Doña Rosaura está atenta a las borracheras de su hijo, a los diferentes encarcelamientos que ha tenido; lo cuida de sus golpes, caídas y lo aparta de las peleas callejeras con cualquier borracho, o con los mismos policías que amenazan con encarcelarlo. Ella está presente en todo momento, en todas sus fechorías, “es mi hijo”, argumenta.
También cuida del caballo de su hijo. “El Chaflán” tiene en su haber un caballo que le sirve para cargar leña, maíz o para irse montado de un lado a otro. Es un jinete invadido por el alcohol. El caballo necesita alimentos, agua y espacio; doña Rosaura se encarga también de ello. Toma el lazo y va jalando el caballo por toda la orilla de la carretera, hasta llevarlo a un lugar donde pueda comer las pocas hierbas que brotan del eterno pavimento. Al atardecer hay que cambiarlo de lugar, al otro día darle agua, llevarlo a caminar. Es el único caballo que existe por estos lugares. Casi no se ven este tipo de animales a excepción del caballo del “Chaflán”, que merodea como oscuro fantasma en las calles de mi barrio.
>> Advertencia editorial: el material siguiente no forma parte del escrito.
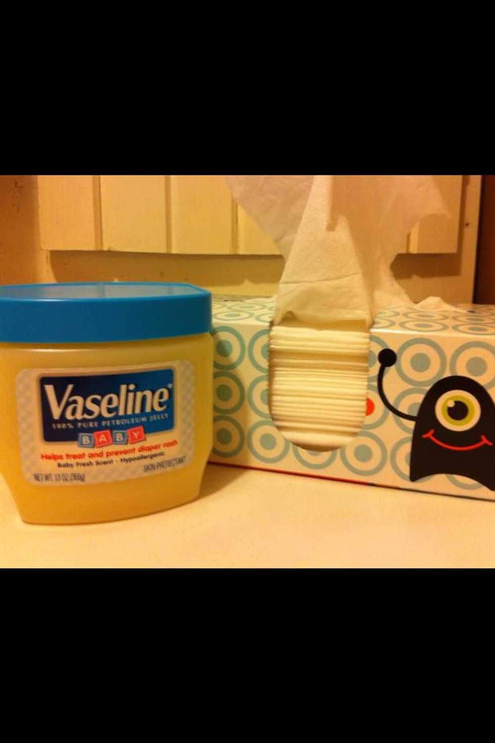 Rub finger over Vaseline (petroleum jelly). See on the finger is a very small amount.

Doña Rosaura y yo nacimos en la misma comunidad, en una colonia de clima frio y de fría pobreza. Emigramos hace mucho del lugar que nos vio nacer. Lo hicimos por razones distintas. Ella por cuidar de su hijo –que ya empezaba con sus fechorías en la ciudad– y yo para ingresar a la escuela. Ha pasado tanto tiempo. Seguimos distintos caminos, aunque vivimos en la misma zona. Nos unen siempre nuestras raíces. Charlamos algunas veces. Son diálogos cortos y llenos de emoción, pero siempre en el mismo sentido: los acontecimientos de nuestro pueblo. Sus bailes populares, las fiestas que se celebran, los argüendes que debemos de conocer, los muertos que se fueron sin avisar, nuestras familias, la comida que tanto extrañamos, las balas perdidas que ha habido últimamente. Pero hay una razón poderosa por la que me agrada escucharla: por la amistad que tuvo con mi madre. Eran contemporáneas, iban a los bailes, se hicieron comadres y cómplices de la misma miseria que les tocó vivir; eran grandes amigas, como dos mariposas que se aproximan a un abismo. Enfrentaron la miseria y la alegría sin cuestionar nada. Solo que mi madre se adelantó en el camino hace ya varios años.
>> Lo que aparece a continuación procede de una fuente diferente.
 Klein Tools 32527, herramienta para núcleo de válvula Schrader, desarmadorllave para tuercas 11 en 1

Escuchar a doña Rosaura es una leve posibilidad de recordar lo que la memoria no me ayuda, solo las sensaciones ocultas en alguna dimensión del alma permiten volver a vivir lo que fue. Nuestros diálogos son chispas de nostalgia que nos hacen sentir lo profundamente vulnerables que somos en estos espacios ajenos que nos tocó vivir. Somos dos almas grises que buscan el color en cada detalle de esta vida, de esta ciudad.